▶ **BRIEF**:
From the records that follow, return exactly the lines beginning at the one that contains "Amurang, 16 Juni" and ending at the one that contains "因复康路地铁施工,自2019", pictures left out.

▶ **PROVIDED DATA**:
[Start of Attachment]

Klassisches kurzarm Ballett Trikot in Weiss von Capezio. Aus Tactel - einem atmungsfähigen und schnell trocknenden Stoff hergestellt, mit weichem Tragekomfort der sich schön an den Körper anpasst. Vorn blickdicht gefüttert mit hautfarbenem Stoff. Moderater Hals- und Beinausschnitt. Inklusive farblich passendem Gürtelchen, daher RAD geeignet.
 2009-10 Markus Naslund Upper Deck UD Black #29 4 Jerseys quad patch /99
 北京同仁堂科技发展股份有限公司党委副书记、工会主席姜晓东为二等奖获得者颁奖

[End of Attachment]
[Start of Attachment]

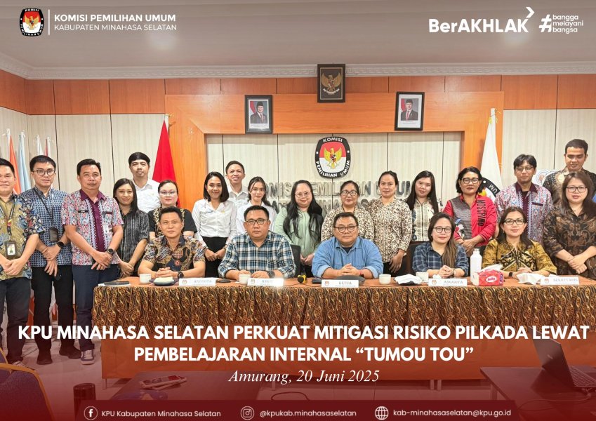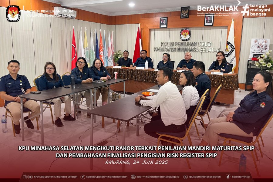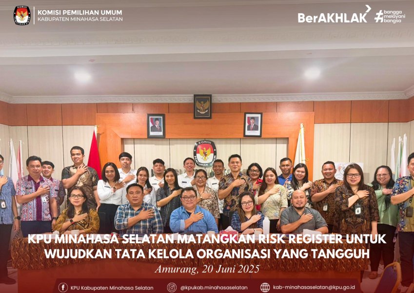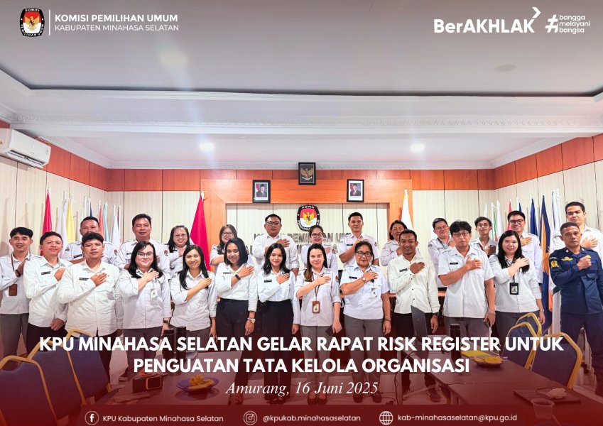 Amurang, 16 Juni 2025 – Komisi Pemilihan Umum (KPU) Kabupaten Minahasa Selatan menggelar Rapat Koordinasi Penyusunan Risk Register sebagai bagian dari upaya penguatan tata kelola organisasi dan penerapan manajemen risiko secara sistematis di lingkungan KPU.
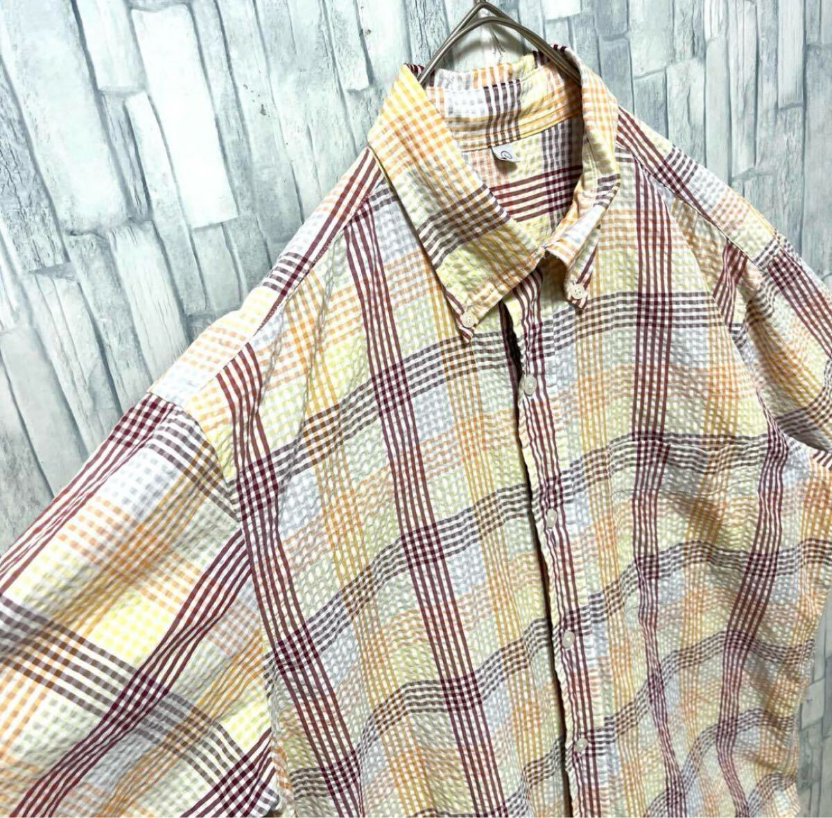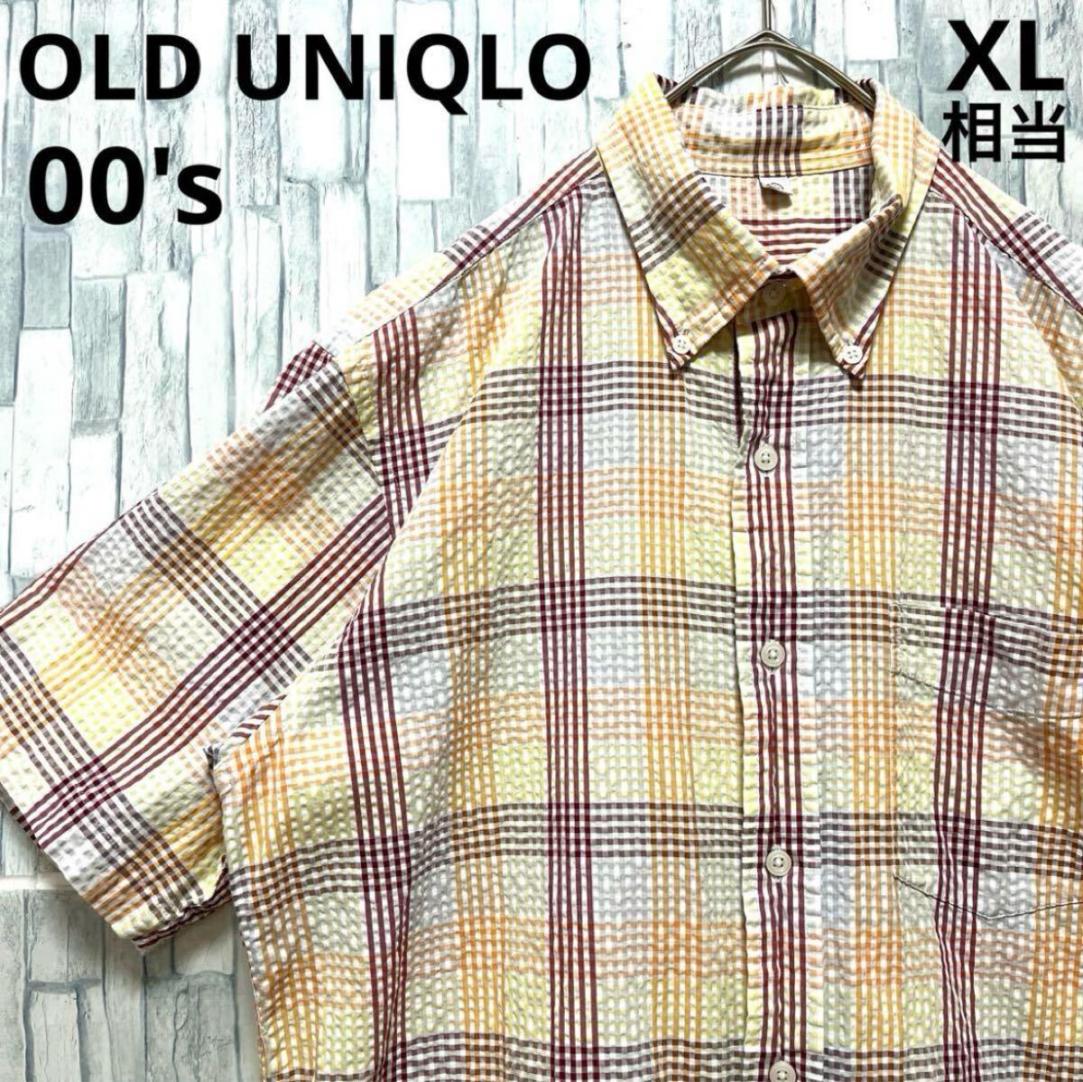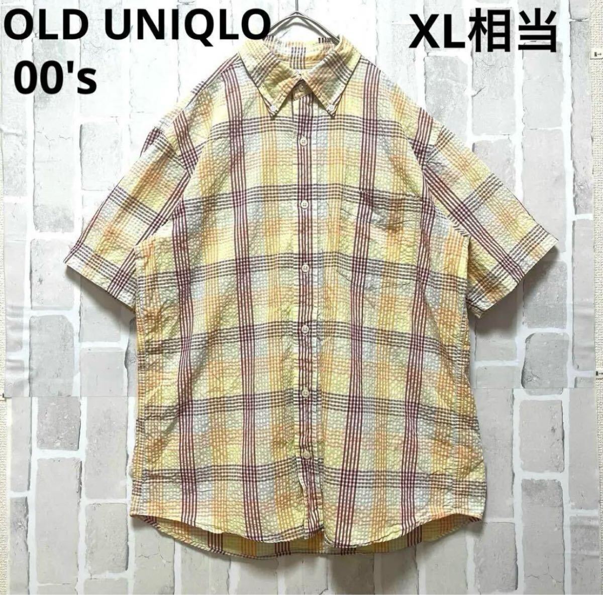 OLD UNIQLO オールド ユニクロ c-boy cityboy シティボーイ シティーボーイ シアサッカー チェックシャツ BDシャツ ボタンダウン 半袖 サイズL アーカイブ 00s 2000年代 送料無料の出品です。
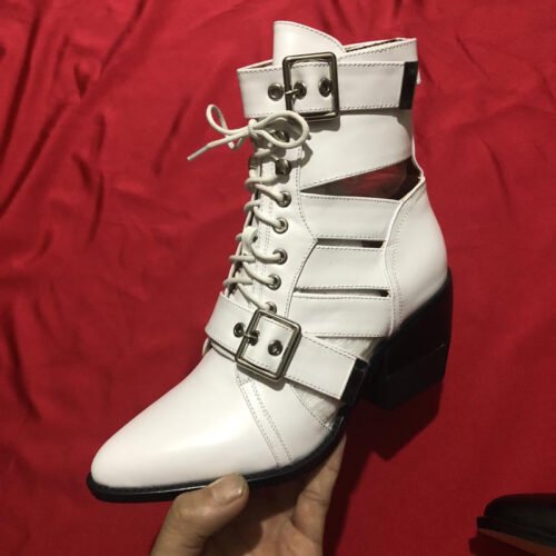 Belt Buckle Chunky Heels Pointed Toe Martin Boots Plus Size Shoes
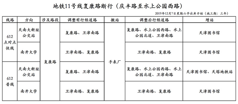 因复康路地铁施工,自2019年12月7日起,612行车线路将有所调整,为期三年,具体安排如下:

[End of Attachment]

▶ **EXERCISE RESPONSE**:
 Amurang, 16 Juni 2025 – Komisi Pemilihan Umum (KPU) Kabupaten Minahasa Selatan menggelar Rapat Koordinasi Penyusunan Risk Register sebagai bagian dari upaya penguatan tata kelola organisasi dan penerapan manajemen risiko secara sistematis di lingkungan KPU.
 OLD UNIQLO オールド ユニクロ c-boy cityboy シティボーイ シティーボーイ シアサッカー チェックシャツ BDシャツ ボタンダウン 半袖 サイズL アーカイブ 00s 2000年代 送料無料の出品です。
 Belt Buckle Chunky Heels Pointed Toe Martin Boots Plus Size Shoes
 因复康路地铁施工,自2019年12月7日起,612行车线路将有所调整,为期三年,具体安排如下:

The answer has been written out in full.